Ainsi, quand les pêcheurs de crevettes (shrimp) thaïlandais utilisent des filets qui mettent en danger une espèce protégée de tortues (turtle), ils dévaluent le capital mondial de biodiversité, et font donc une concurrence déloyale aux éleveurs américains de crevettes (décision OMC du 17 février 2004).

Joseph Stiglitz estime que cette jurisprudence Shrimp/Turtle autorise les Etats signataires de Kyoto à taxer leur importations de produits (venant de pays non-Kyoto), selon la contribution de ces produits à l'effet de serre.

Cette appréciation de Joseph Stiglitz a été très critiquée, mais aucune de ces critiques à ma connaissance ne remet en cause le principe !

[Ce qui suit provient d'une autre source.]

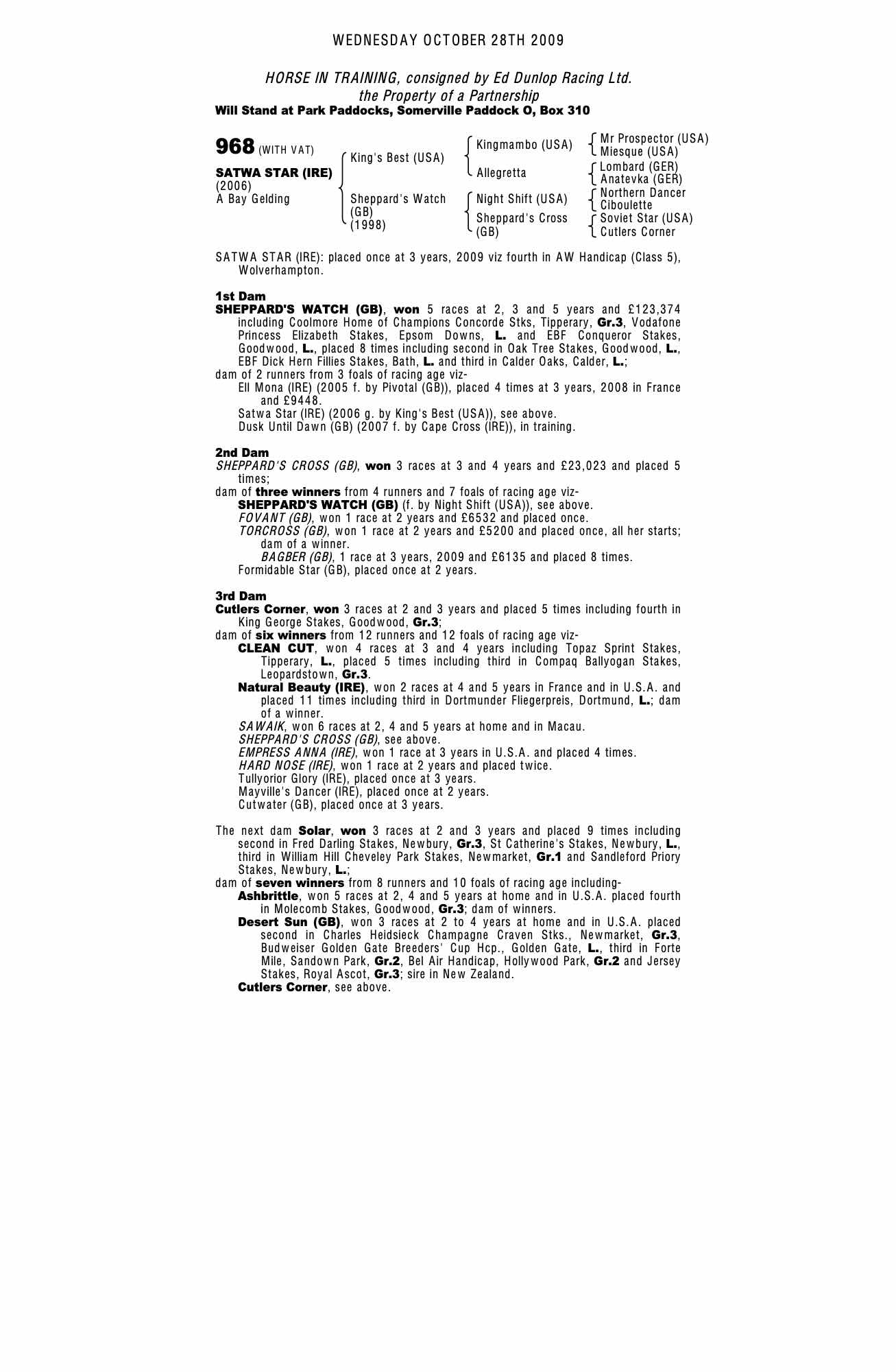 Consignor: Ed Dunlop Racing Ltd.
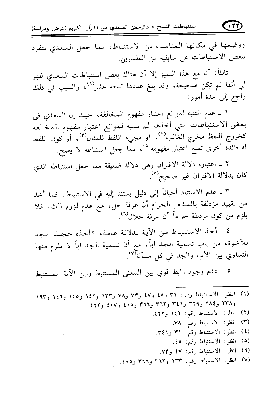 (¬٧) انظر: الاستنباط رقم: ١٣٣ و ٣٦٢ و ٣٦٦ و ٤٠٥.

Si j'ai bien compris les critiques disent essentiellement que pour appliquer une telle taxe antidumping, il faudrait d'abord prouver et chiffrer l'impact favorable du mécanisme de Kyoto sur l'effet de serre - prouver que les Etats non-Kyoto en question se sont effectivement accordés un avantage déloyal en créant un sur-effet de serre.

Ou dans le cadre d'une taxe carbone : prouver que les Etats hors périmètre de la taxe se sont effectivement accordés un avantage déloyal en ne créant pas un mécanisme similaire.

Effectivement, ça ne sera pas ... coton. Il y aurait un peu de travail à faire là-dessus à l'OMC. Mais rien de monstrueux. Ce type de dispositions essentiellement techniques - le mode de calcul de préjudices - se construit... selon la pression de litiges en cours.

Messieurs les Européens, tirons les premiers !

Vive le commerce libre et la juste comptabilisation du capital environnemental planétaire !

Notes

[1] Le titre du billet est un clin d'oeil à notre wikiostar.